Just like the complement system, the coagulation system is also important for the maintenance of tissue homeostasis, in addition to its essential role in the prevention of excessive blood loss upon vessel damage or injury. Two routes primarily initiate the coagulation cascade: the contact (intrinsic) pathway and the tissue factor (extrinsic) pathway, which eventually lead to thrombus formation by platelet aggregation and the conversion of soluble fibrinogen into an insoluble fibrin clot by thrombin (11, 12). Interestingly, similar to complement, the process of coagulation is also controlled and restricted to the site of vascular injury by natural anticoagulants (13).

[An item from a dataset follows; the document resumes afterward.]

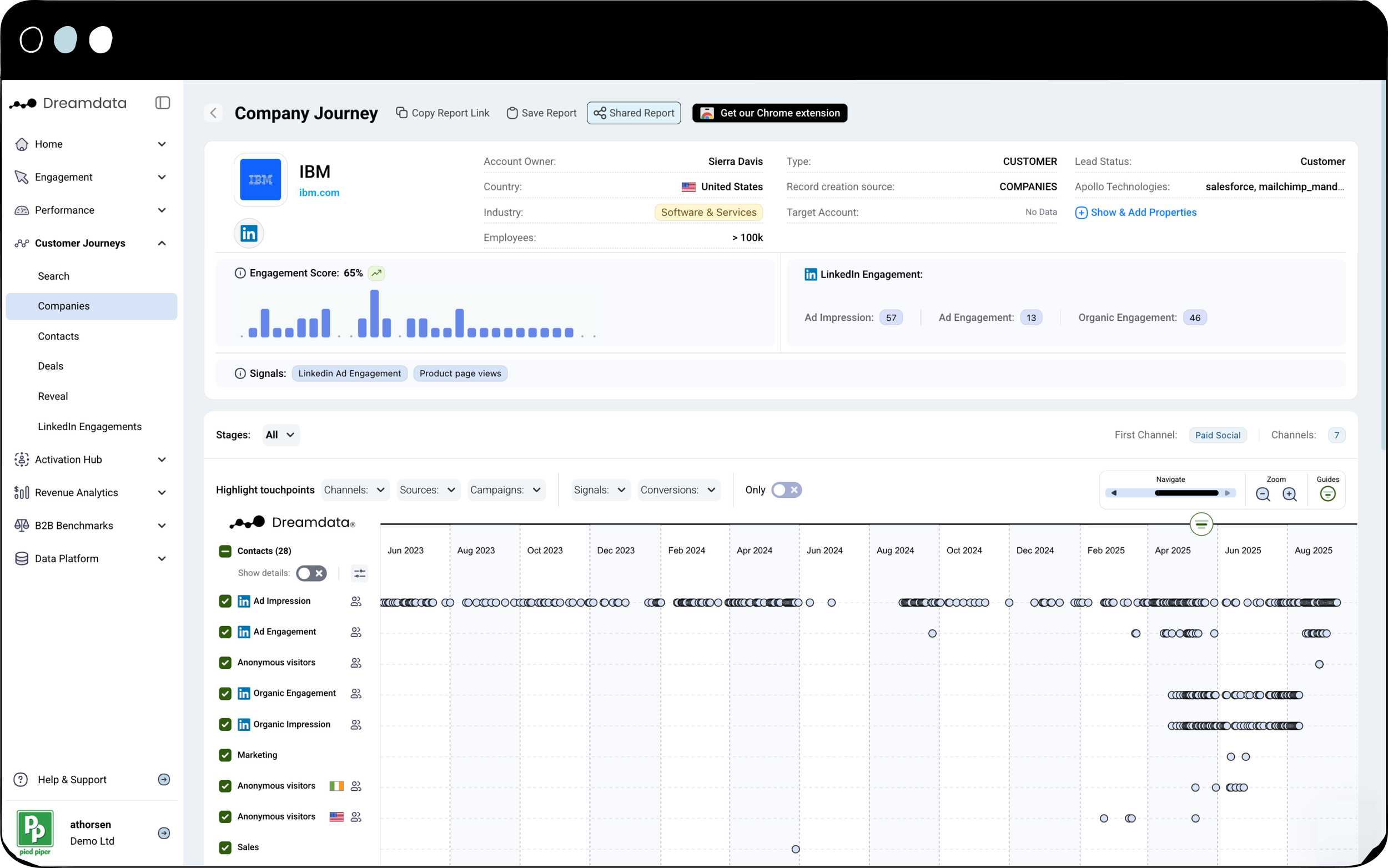 Here’s what changed: As always, we automatically unify all your GTM data, including LinkedIn, to provide the most complete B2B customer journey map on the market. With LinkedIn's new Company Intelligence API, Dreamdata now pulls more company-level insights, including organic impressions and engagement (for the first time!), directly from LinkedIn.

When the clot is no longer needed, and to prevent its extension beyond the site of injury, the clot is gradually dissolved. The process of clot dissolution, known as fibrinolysis, is regulated by the plasminogen-plasmin system (14). Plasminogen is a 92-kDa single chain glycoprotein zymogen of the broad-spectrum protease plasmin. It is primarily synthesized in the liver and circulates at a concentration of ∼2 μm in blood and is composed of a pre-activation peptide (∼8 kDa), five homologous disulfide-bonded kringle domains (K1–5, 65 kDa), and a serine-protease domain (15). The first four kringle domains (K1–K4) of plasminogen are termed angiostatin because of its antiangiogenic role (16), the last kringle domain together with the enzymatic domain is referred to as mini-plasminogen (17). Plasminogen is converted into active serine protease plasmin by plasminogen activators like urokinase-type plasminogen activator (uPA) and tissue-type plasminogen activator (18). Upon activation, plasmin hydrolyzes polymerized fibrin clots into soluble fibrin degradation products. In addition, plasmin also degrades a variety of extracellular matrix and basal membrane components and thus contributes to maintaining homeostasis.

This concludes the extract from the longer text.